UNMAKING THE MONOLITH: A CRITIQUE OF PARTITION’S POPULAR CULTURE AND LOCATING THE ‘OTHER’ IN POST-PARTITION INDIA
DOI:
https://doi.org/10.8476/sampreshan.v16i3.471Keywords:
Partition, Migration, Symbolic Violence, Marginality, Popular cultureAbstract
The politico-historical catastrophe of partition of India into two separate nations based on Hindu and Muslim district majorities resulted in the greatest mass migration across the border that witnessed intense violence and loss of life.
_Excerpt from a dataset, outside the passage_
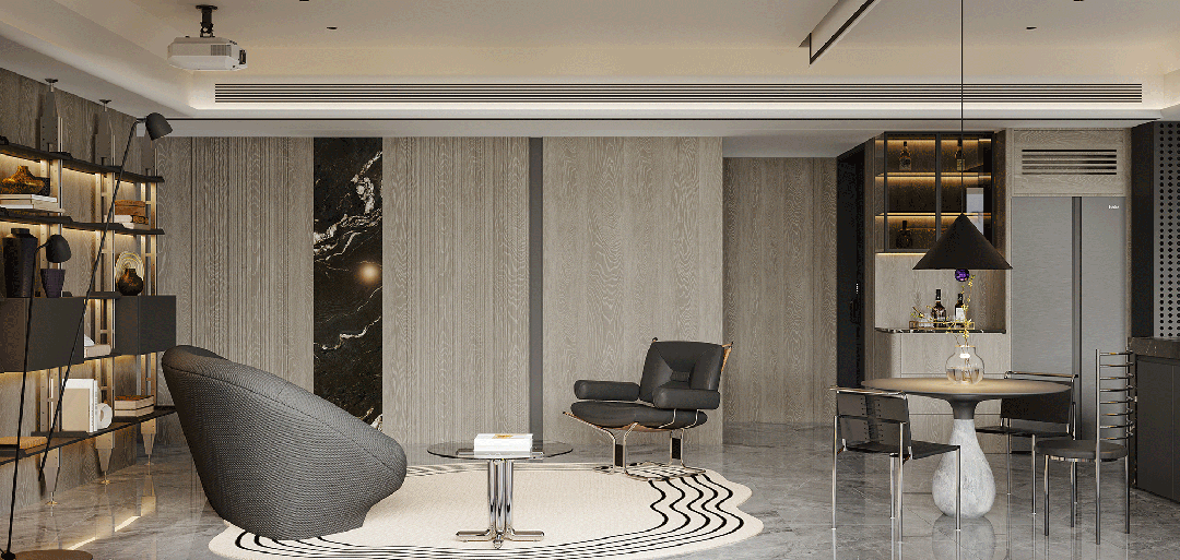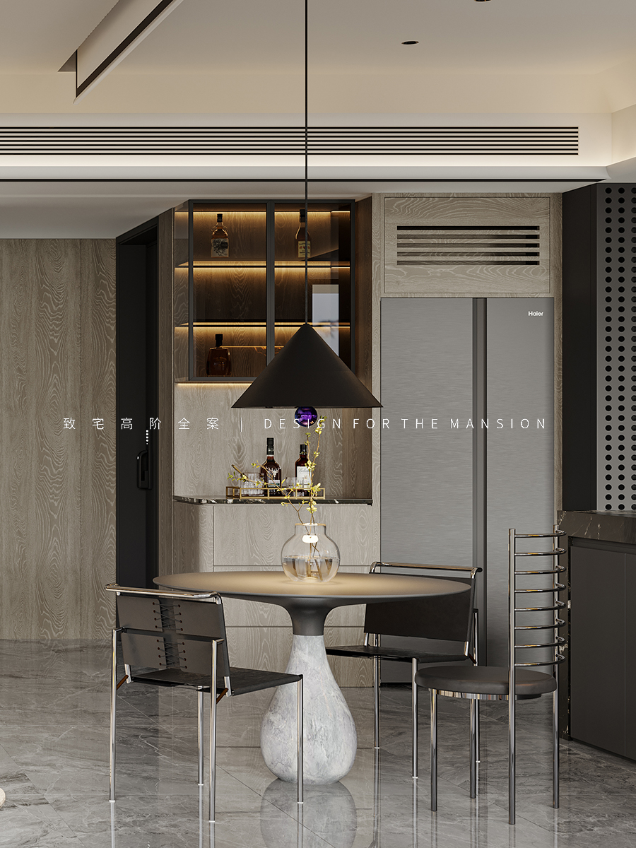 原始预留的餐边空间用以放置零嵌冰箱,并延续墙体的木色墙板做圆角小边柜,同时具备展示和调酒功能,弧形边角对动线友好,行走无磕碰,视觉更开敞。

Memories of pain and atrocity of both the nations due to partition in the name of religion continued to evoke antagonistic attitudes towards each other involving in systematic discrimination of marginalized minorities by egregious caste-based cultural practice where various forms of popular culture of the nations prioritize the culture of dominant castes and tend either to invisibilize or to represent Dalits, Adivasis, the denotified tribes, Muslims and others stereotypically as poor, villains and ugly in cinema, songs, cartoons, tv shows, newspapers etc. This paper, by developing an understanding of Indian popular culture in reshaping the notion of political nationality (under the politics of difference set by the regimes of power till date ) will explore the representation as well as the exclusion of the minorities in the space of cultural artifacts of static popular discourse that we consume each and every day.